----- Supplied entries
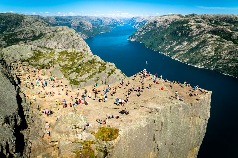 Depuis le parking et l'hôtel, vous pourrez entamer une belle marche de 2h, sur un dénivelé de plus de 300m, avant d'atteindre le rocher. A l’arrivée, un balcon naturel à pic qui surplombe le Lysefjord, dont les eaux scintillent 600m en contrebas. Vertigineux!
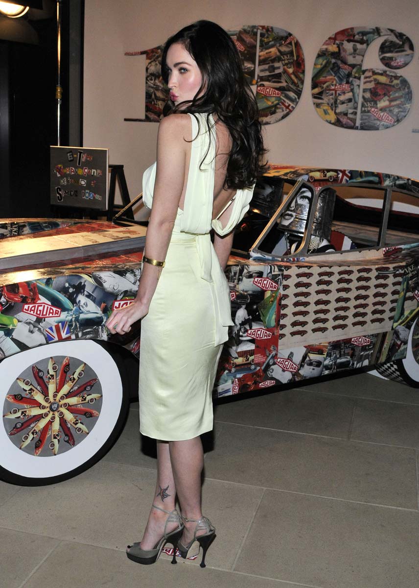 Here is once the hottest piece of ass on the planet Megan Fox at some Jaguar E-Type Anniversary Party the other day. I say once because no matter how much Megan Fox still looks hot, she is not even half of what she once was and what in what we are accustomed. Oh how I miss those times… However, I’m very happy that I managed to crop her 9021-douche of her husband. Enjoy
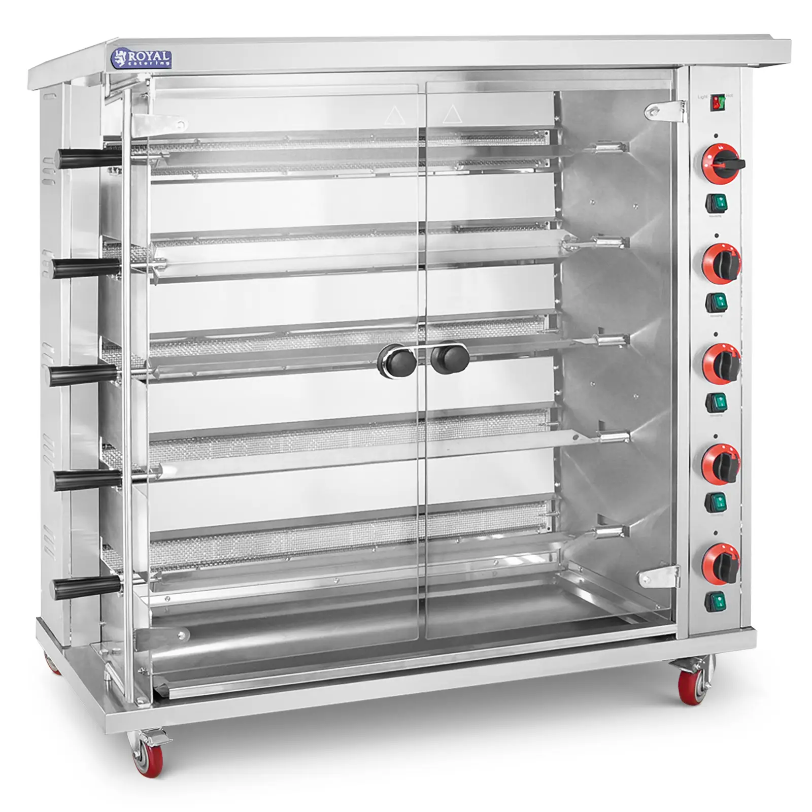Grătarul de pui Gastro garantează o utilizare sigură printr-un ventil de gaz integrat cu element termic, care previne în mod fiabil pierderile de flacără. Materialele de înaltă calitate, inclusiv un carcasă robustă din oțel inoxidabil și uși detașabile din sticlă călită, oferă igienă, durabilitate și rezistență la coroziune și influențe externe. Alimentarea flexibilă cu gaz permite o adaptare ușoară la diferite tipuri de gaz. Grătarul de pui este presetat din fabrică pentru conexiunea de gaz I3B/P(50), dar poate fi adaptat cu ușurință la GPL sau gaz natural datorită seturilor de injectoare furnizate. Datorită celor patru roți mari de 3'' (7,6 cm), puteți plasa grătarul de pui cu rotisor exact acolo unde aveți nevoie. Totuși, un stand stabil este garantat datorită construcției solide și a frânelor de blocare.
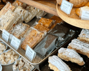 青と白のこぢんまりとしたお店が見えたらそこが「The Bakers Table」です✨
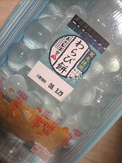 寒天使用わらび餅というのを見付けたよ!普通のと味があんまり変わらない…ような?寒天を使った分、カロリーに差があるのかな…。
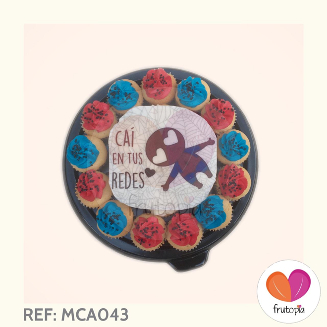 Bandeja x 20 minicupcakes decorados con crema de mantequilla sabor a vainilla y mensaje en impresión comestible "caí en tus redes"
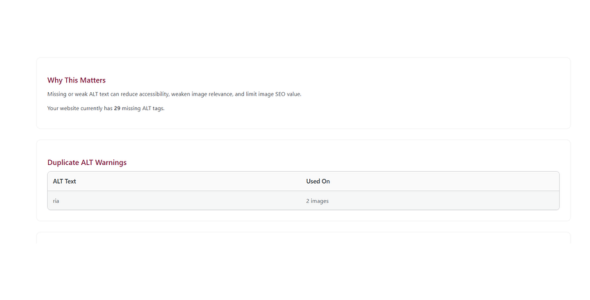 Identify duplicate ALT text across images to improve search clarity and accessibility.
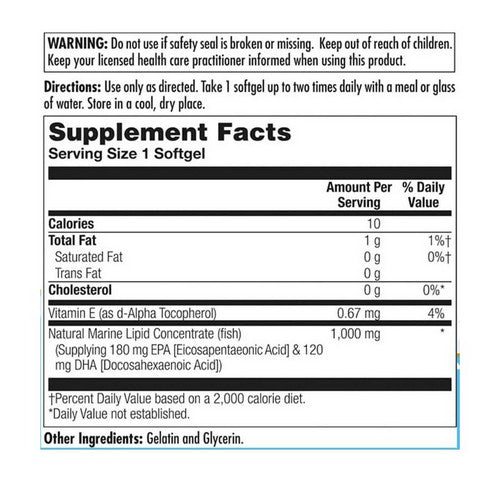 Natural Marine Lipid Concentrate (fish) (Supplying 180 mg EPA [Eicosapentaeonic Acid] & 120 mg DHA [Docosahexaenoic Acid]) 1,000 mg
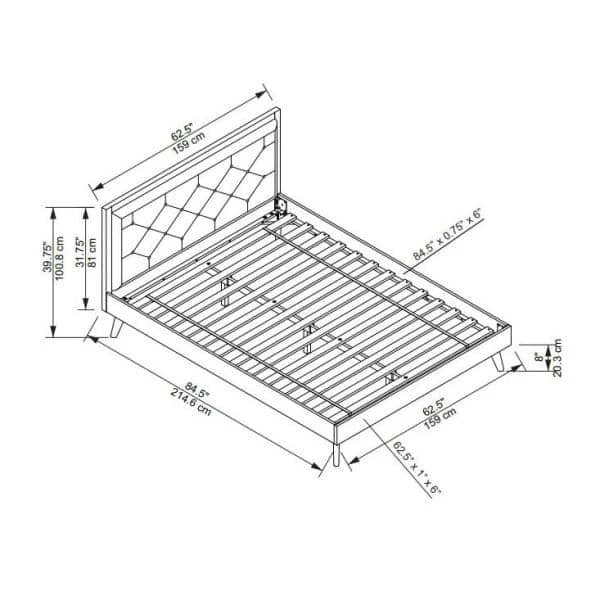 Wood and Upholstered Ames Mid Century Uph HB Queen Oatmeal modern design will elevate the master bedroom in style and elegance. Button tufted headboard in a rich oatmeal colored fabric. Includes the headboard, footboard, side rails and slates. Perfect for either memory foam or spring mattress.
----------
__Task goal__
The exact lines from the beginning of the data through the one that contains "Here is once" must be given again, both ends included, and pictures must be left out.

__Expected output__
 Depuis le parking et l'hôtel, vous pourrez entamer une belle marche de 2h, sur un dénivelé de plus de 300m, avant d'atteindre le rocher. A l’arrivée, un balcon naturel à pic qui surplombe le Lysefjord, dont les eaux scintillent 600m en contrebas. Vertigineux!
 Here is once the hottest piece of ass on the planet Megan Fox at some Jaguar E-Type Anniversary Party the other day. I say once because no matter how much Megan Fox still looks hot, she is not even half of what she once was and what in what we are accustomed. Oh how I miss those times… However, I’m very happy that I managed to crop her 9021-douche of her husband. Enjoy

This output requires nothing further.